Paul snickered. The ugly soldier turned on him a mournful look, which, with the buck teeth, looked strange and awful.

"You're American, are you not?" asked the ugly soldier. "You're supposed to be a frontier entrepreneur. You're supposed to be resourceful, are you not?"

But Paul had grown up post-Revolution and had always been American with no idea that an American was supposed to be anything. He had been nowhere else, and to him America was everything. Attempting to placate the ugly soldier, Paul said, "We might go to some of the houses that have burned and gather the nails out of the ashes."

In a cupboard they found food and a couple more bottles of wine and passed some hours drinking and discussing in this fashion. By late afternoon both were exhausted, and they went into separate bedrooms on the second floor. Paul's bed was small, forcing him to curl his legs.
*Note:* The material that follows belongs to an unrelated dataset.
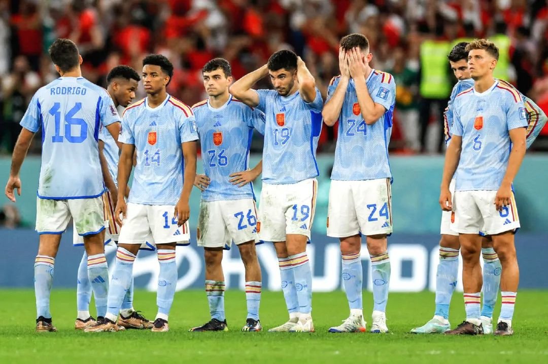 此前这次世界杯的首场点球大战,日本队以糟糕的点球被淘汰出局,没想到在一天之后,又有一支球队上演了差不多的剧情。当上轮被日本队击败的西班牙队,对阵本届世界杯表现不俗的黑马摩洛哥队,常规时间内斗牛士军团占据了绝对优势,手握77%的控球率却打不开局面,多达13次射门仅有1次射正!

In his sleep he was bothered by the face of his mother. She looked down on him from the greatest possible heights, and he wished he could earn her pride, but in himself knew he never would. His mother was uncompromising, and life was too hard. When it offered certain chances, he could not turn from them.

After a few hours of worthless sleep, he got up and wandered about the room.

She had punished him if he failed to stand when addressed; if he said I have heard this before; if he sniggered; if he forgot to remove his hat when entering a doorway; if he failed to bow to a stranger; if he made what she called antic postures. Forbidden were nicknames, ugly faces, pointing, lying, jeering, or wicked assertions. Sometimes in punishment a branch was cut and split at one end, then pinched over his nose and left hanging. Sometimes he was struck about the head with a heavy thimble. Sometimes he had to sit for hours on a one-legged stool. Sometimes, if he had been surly, a wooden rod was tied into his mouth like a horse's bit. He never knew his father, and he hated his mother. Then she died, and he cried for days, and he would have turned a knife in his own guts to have her back.